A native stream-json Claude adapter; ACP is no longer the only rich path¶
Claude can be driven as a Tracing-capable Harness directly over the Claude Code CLI's
--output-format stream-json, with no ACP and no Node bridge. The new claude-code-stream
harness runs claude -p --output-format stream-json --verbose --dangerously-skip-permissions
and translates the first-party streamed events (assistant tool_use blocks, tool_results,
final usage/cost) into the framework's Trace. This revisits ADR 0003's "ACP as the single
rich adapter" — not by removing ACP, but by demoting it from the rich layer to one of
several, behind the Trace contract.
Status¶
accepted (revisits ADR 0003)
Context¶
ADR 0003 routed every Tracing/Interaction-capable agent through one ACP adapter, including
Claude via the claude-agent-acp npm bridge. In practice ACP is a lowest-common-denominator
protocol that some agents implement awkwardly or unstably (BENCHMARK.md already records
droid raising an "internal ACP error"), and for Claude it is strictly less direct than the
vendor's own interfaces. ADR 0003 itself anticipated this: it listed "native
claude-agent-sdk for Claude" as the max-fidelity alternative and noted a native adapter
"may be added later without changing the Trace or Interaction contracts."
The key observation is that ACP bundles two capabilities the framework already models
separately: Tracing (observe tool calls / tokens / cost) and Interaction (answer the
agent's mid-run permission requests — the bidirectional part). Every Case in the suite uses
interaction: auto-approve. Auto-approval needs no protocol — it is a launch flag. True
bidirectional interaction is needed only by scripted / llm-based / manual policies,
which only observed-droid exercises.
So for the common case (autonomous run + observe the result), the bidirectional nature is unnecessary. What is needed is (a) headless autonomy and (b) a Trace — both of which the Claude CLI provides first-party.
Decision¶
Add claude-code-stream:
- Autonomy without a protocol —
--dangerously-skip-permissionsruns Claude fully headless, so no Interaction channel is required (Capabilities(tracing=True, interaction=False)). The runner already degrades anauto-approveInteraction request to "use the harness default" with a benign warning — and the harness default here is approve, so the existing trace-grading cases run unchanged. - Observation from stream-json — the streamed events are replayed into the Trace
(
message/thought/tool_call/tool_result/usage/stop), with Claude tool names mapped to portable Tool Kinds. The finalresultevent fills output / cost / tokens.

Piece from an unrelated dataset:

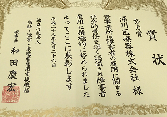 大変名誉なものとなりました。今後も微力ながら障がい者雇用を推進し、社会に貢献して参ります。

The Trace stays the contract (CONTEXT.md). ACP remains for agents where it is the best or
only rich path (e.g. droid). Cases that genuinely need bidirectional interaction keep using a
bidirectional adapter; the natural future home for that on Claude is the Claude Agent SDK's
canUseTool callback, not ACP.
Considered options¶
- Keep everything on ACP (ADR 0003). Uniform, but inherits each agent's ACP quality and, for Claude, needs the Node bridge and is less direct than the CLI/SDK. Rejected as the universal mechanism.
- CLI
stream-json(chosen now). First-party, no Node, gives per-tool-call events; theresultline carries cost + token usage. Output-only fallback if a future CLI drops the rollup. Lowest-effort path to a stable, native Claude Trace. - Claude Agent SDK adapter (planned next). Strictly richer: structured
SDKResultMessagewith cost/usage and a nativecanUseToolpermission callback — the right home for bidirectional Claude cases (scripted/llm-based). Heavier; deferred until an interaction case needs it.
Consequences¶
- A no-Node, native Claude Harness that satisfies the suite's
tracing: true+ trace-grader cases;claude-code(output-only, final-JSON envelope) is kept for cheap, trace-free runs. - Model selection is a plain
--modelflag (e.g.claude-opus-4-8,claude-opus-4-6), so comparing Claude versions needs no per-agent model registry. - Bidirectional interaction for Claude is intentionally out of scope here; when a case needs
it, add the SDK adapter (its
canUseToolmaps onto the existing Interaction Policy).